Research unveils AI overreliance on memorisation

MIT CSAIL research reveals that large language models (LLMs) excel in familiar tasks but struggle in novel scenarios, highlighting their reliance on memorisation rather than true reasoning abilities.

Robot, Face, Head, Person, AI, memory, memorization, problem solving

Recent research from MIT’s Computer Science and Artificial Intelligence Laboratory (CSAIL) has uncovered significant insights into the capabilities of large language models (LLMs). The study found that while LLMs excel in familiar scenarios, they struggle with novel tasks, raising questions about their true reasoning abilities versus reliance on memorisation.
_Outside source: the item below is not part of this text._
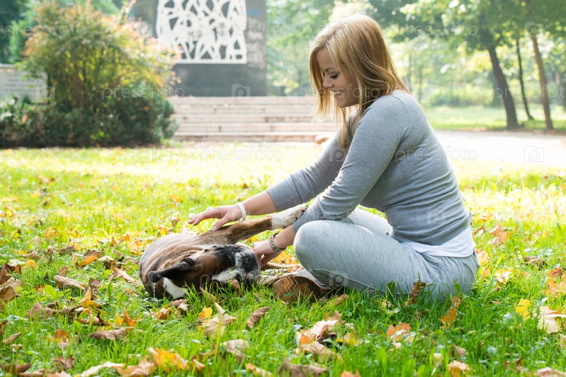Женщина гуляет с собакой

The researchers compared LLMs’ performance on common tasks to hypothetical scenarios that deviated from their training data. For instance, models like GPT-4 showed proficiency in arithmetic using base-10 but faltered with other number bases, indicating a lack of generalisable addition skills. The pattern was consistent across various tasks, including spatial reasoning and chess, where models performed no better than random guessing in unfamiliar settings.

Lead author Zhaofeng Wu emphasised the importance of these findings, noting that as AI becomes more integrated into society, it must handle diverse scenarios reliably. The study’s insights aim to inform the development of more adaptable and robust future LLMs. The team plans to expand their research to include more complex and varied tasks, further exploring AI’s limitations and improving interpretability.

Supported by the MIT–IBM Watson AI Lab, the MIT Quest for Intelligence, and the National Science Foundation, the study was presented at the North American Chapter of the Association for Computational Linguistics (NAACL).